The records:
──────
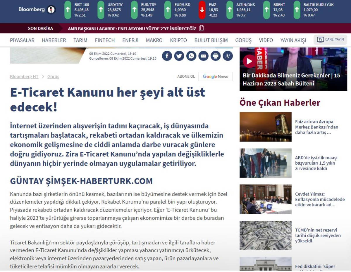 Bloomberg’de 8 Ekim 2022’deki Güntay Şimşek imzalı yazıda, “E-Ticaret Kanunu her şeyi altüst edecek” deniyor ve “e-Ticaret Kanunu’nda yapılan değişikliklerle dünyanın hiçbir yerinde olmayan uygulamalar getiriliyor” yorumu yapılıyor.
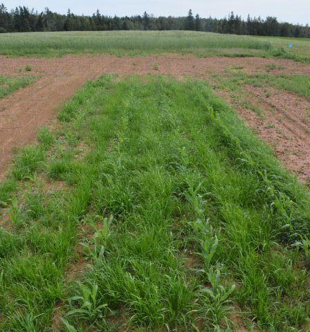 ABOVE Annual ryegrass growing between corn rows in McKenzieGopsill’s trial.
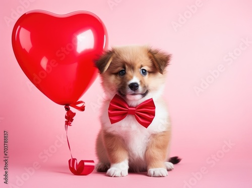 Valentine's Day concept with a cute puppy dog holding a love heart balloon. Generative AI
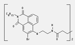 最近、エイズ治療に有効な色素が報告されている。蛍光性ナフタルイミド誘導体(図5)でもともとPDT(光学治療 photodynamic therapy)用に開発されたのだが、これは光照射によるO2の発生によって作用するものではなく、トリプロファンと化学結合することによってエイズウィルスの感染を防ぐといわれており、その作用機構が注目されている。
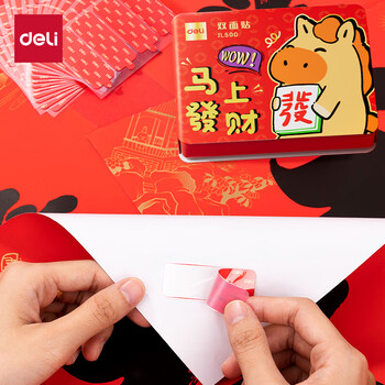 得力(deli)强力纳米胶带无痕双面胶 马年贴春联家用车用透明魔力贴 防尘收纳盒装60片/盒 JL500
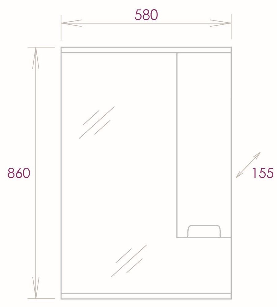 Современный функционал шкафа позволяет удобно расположить все необходимое: справа от зеркала за распашной дверцей с механизмом плавного закрывания расположено отделение для хранения, разделенное на две части горизонтальной полочкой, а под зеркалом - открытая полочка для косметических средств или декоративных элементов.
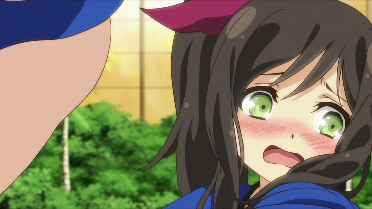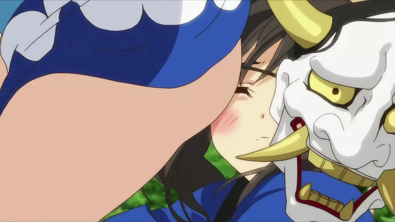 仮面が外れ、羞恥赤面する叢。慌てて法被を脱ぎ、顔を隠そうとする。
──────
All entries above should be printed exactly, though without their pictures.

Response to this task:
 Bloomberg’de 8 Ekim 2022’deki Güntay Şimşek imzalı yazıda, “E-Ticaret Kanunu her şeyi altüst edecek” deniyor ve “e-Ticaret Kanunu’nda yapılan değişikliklerle dünyanın hiçbir yerinde olmayan uygulamalar getiriliyor” yorumu yapılıyor.
 ABOVE Annual ryegrass growing between corn rows in McKenzieGopsill’s trial.
 Valentine's Day concept with a cute puppy dog holding a love heart balloon. Generative AI
 最近、エイズ治療に有効な色素が報告されている。蛍光性ナフタルイミド誘導体(図5)でもともとPDT(光学治療 photodynamic therapy)用に開発されたのだが、これは光照射によるO2の発生によって作用するものではなく、トリプロファンと化学結合することによってエイズウィルスの感染を防ぐといわれており、その作用機構が注目されている。
 得力(deli)强力纳米胶带无痕双面胶 马年贴春联家用车用透明魔力贴 防尘收纳盒装60片/盒 JL500
 Современный функционал шкафа позволяет удобно расположить все необходимое: справа от зеркала за распашной дверцей с механизмом плавного закрывания расположено отделение для хранения, разделенное на две части горизонтальной полочкой, а под зеркалом - открытая полочка для косметических средств или декоративных элементов.
 仮面が外れ、羞恥赤面する叢。慌てて法被を脱ぎ、顔を隠そうとする。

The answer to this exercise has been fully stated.